[Saved entries]

BEGIN

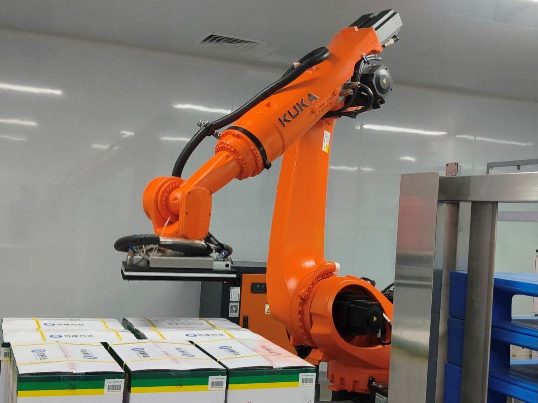智能化车间内,机器人在自动运卸药箱。
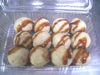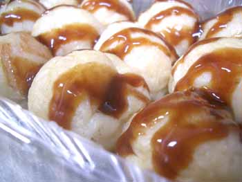 | 一応、パックに入れてみました。 (パックは、100円SHOPで16パック入) 試作段階なので、たこ焼きと市販ソース(イカリたこ焼きソース)のみ |
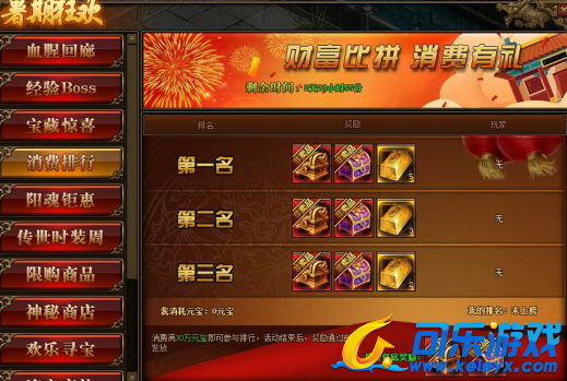第三名:名列前茅自选宝箱,传世灵器自选宝箱*1,金条(300w)*2;
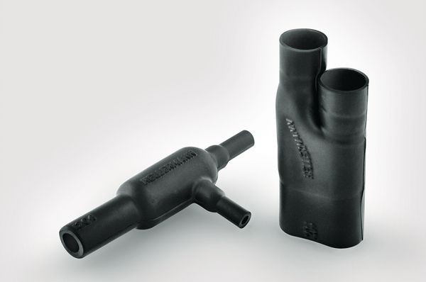 Einfaches Erstellen von 90° Abzweigungen in Kabelbäumen. Mechanischer Schutz für Verzweigstellen. Bauchig: ausreichend Platz für Verbinder. Zulassung für Wehrtechnik. Optional mit werkseitig eingebrachten thermoplastischem Innenkleber zur Abdichtung und Zugentlastung. Wärmeschrumpfende Formteile für die Verwendung an elektrischen und elektronischen Kabelbäumen.
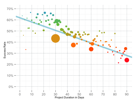According to Kickstarter’s own data, as of June 2011 a random project was 44% likely to get funded, but a really long project (90 days) was only 24% likely to be funded. After discovering this they lowered the maximum length to 60 days. Still, it is important to remember that a bigger isn’t always better; a shorter campaign can have intensity and focus much more likely to be lost during a longer funding drive.
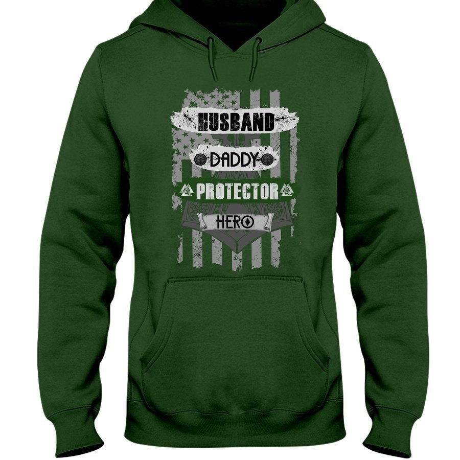 Husband - Daddy - Protector - Hero Hoodie - USA Grey
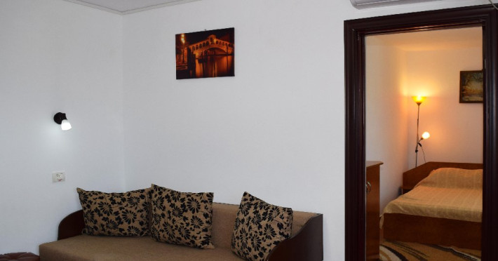 Apartamente: 2 (au un dormitor cu pat matrimonial si un living cu canapea extensibila, aer conditionat, frigider, 2 TV plat, o singura baie, nu au balcon).
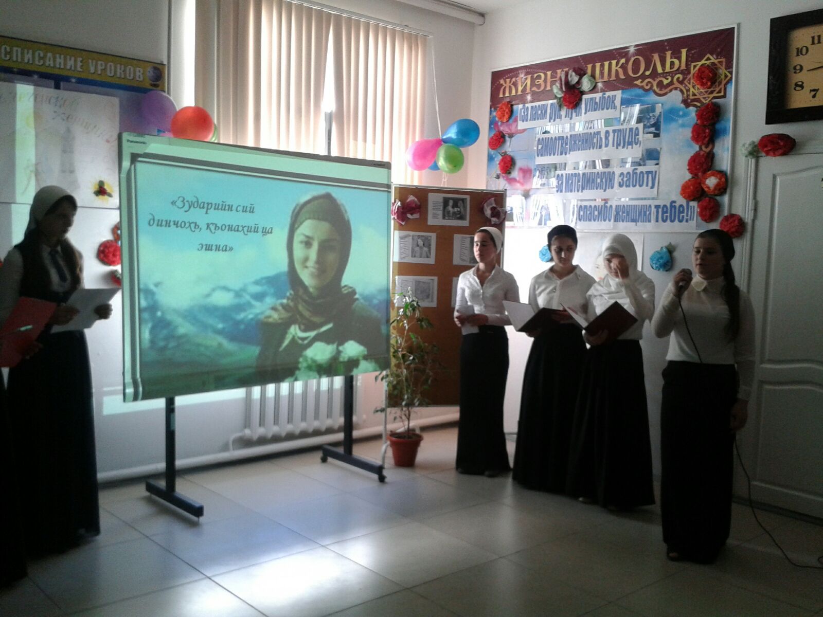 Общешкольное мероприятие, посвященное Дню Чеченской женщины, подготовили и провели совместно с учащимися, классные руководители Лабазанова З.Я -10 «а» кл. и Ахмадова Л.А. - 9 «а» класс.Ребята читали стихи и отрывки из произведений, пели песни и танцевали.Также на мероприятие были приглашены мамы учащихся.Сама атмосфера и выступления учащихся оставили приятные впечатления у зрителей
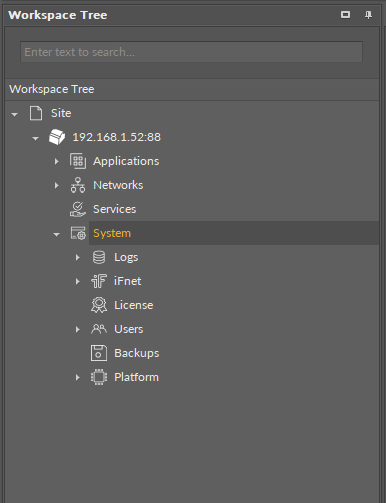 The System container is a starting point to work with the deviceāit is a place to configure the device and connect it to the network. One of the most useful features of the System container is a possibility to set a unique IP address of the device.
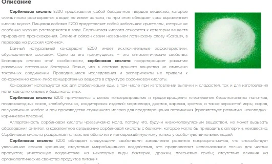 Сорбиновая кислота так же используется для обработки упаковочных материалов для пищевых продуктов.
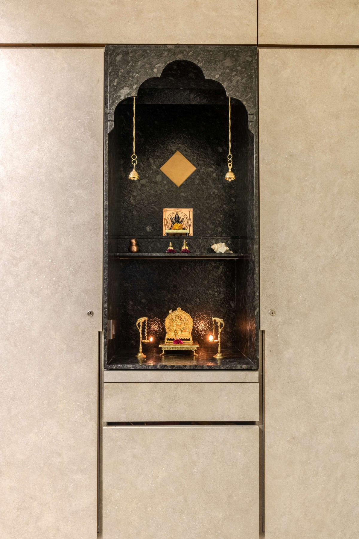 Pooja Mandir of The Falling Stone by Plot Design Workshop
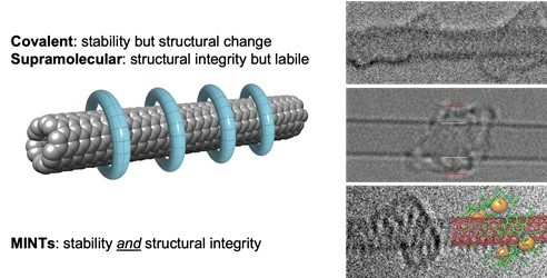 We have developed a general strategy for the synthesis of rotaxane-type derivatives of carbon nanotubes, the first example of mechanically interlocked derivatives of SWNTs which we call MINTs (Angew. Chem. Int. Ed., 2014, 53, 5394-5400, Highlighted in Chem&Eng News, 2014, 92, 31; Chem. Soc. Rev. 2019, 48, 5016-5032). In the key rotaxane-forming step, we employ U-shaped macrocycle precursors equipped with two recognition units (i.e. two molecular fragments that like to “stick” to the nanotube) and terminated with bisalkenes that are closed around the nanotubes through ring-closing metathesis (RCM). The formation of MINTs does not involve modification of the sp2 C-C conjugated structure of the nanotubes, from which all their amazing properties emerge. Furthermore, because the SWNTs are too long for the macrocycle to find their tips and “fall off”, the mechanical link in MINTs is as kinetically stable as a covalent bond, but without messing with the native structure of the SWNTs.
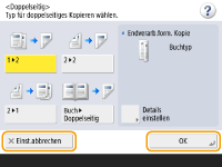 Drücken Sie <OK>, um die Einstellungen anzuwenden, oder drücken Sie <Einst.abbrechen>, um die Änderungen zu verwerfen und die vorherigen Einstellungen wiederherzustellen.
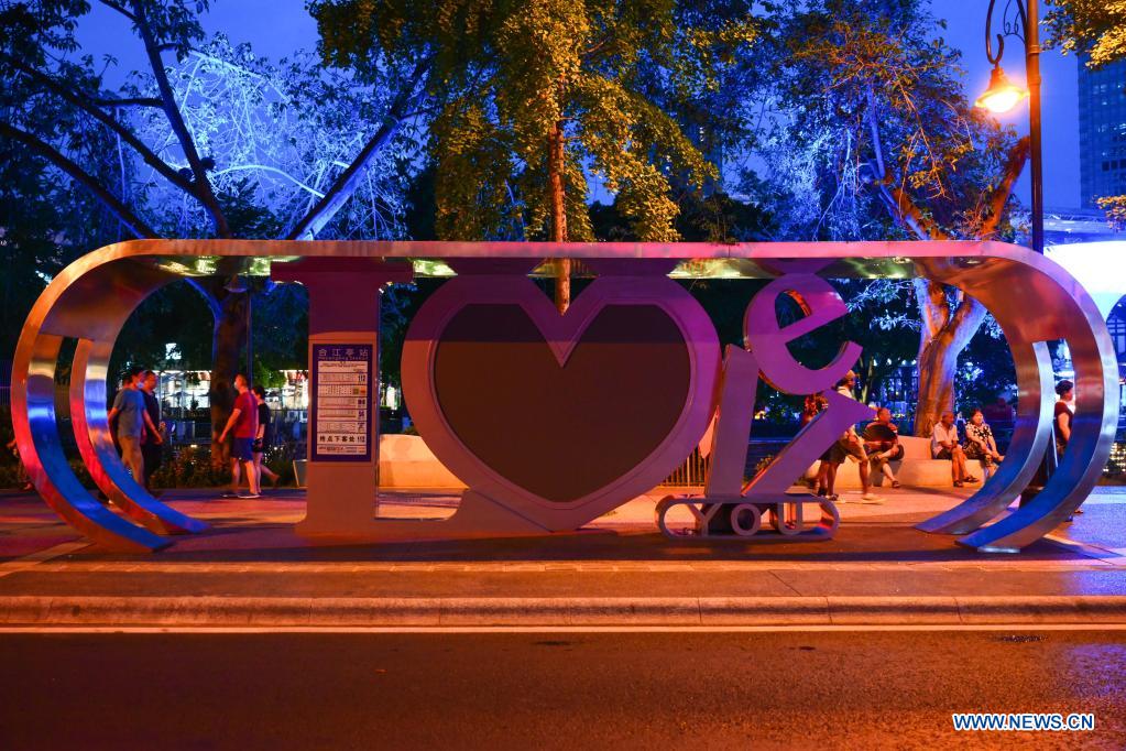 Photo taken on Aug. 14, 2021 shows a heart-shaped bus station in Chengdu, capital of southwest China's Sichuan Province. The Qixi festival, or Chinese Valentine's Day, falls on Aug. 14 this year. (Xinhua/Xu Bingjie)

END

* EXERCISE GOAL:
Return nothing except the lines from the one containing "Drücken Sie <OK>, um" through the final line of the data, copied exactly. Leave out all pictures.

* SOLUTION BELOW:
 Drücken Sie <OK>, um die Einstellungen anzuwenden, oder drücken Sie <Einst.abbrechen>, um die Änderungen zu verwerfen und die vorherigen Einstellungen wiederherzustellen.
 Photo taken on Aug. 14, 2021 shows a heart-shaped bus station in Chengdu, capital of southwest China's Sichuan Province. The Qixi festival, or Chinese Valentine's Day, falls on Aug. 14 this year. (Xinhua/Xu Bingjie)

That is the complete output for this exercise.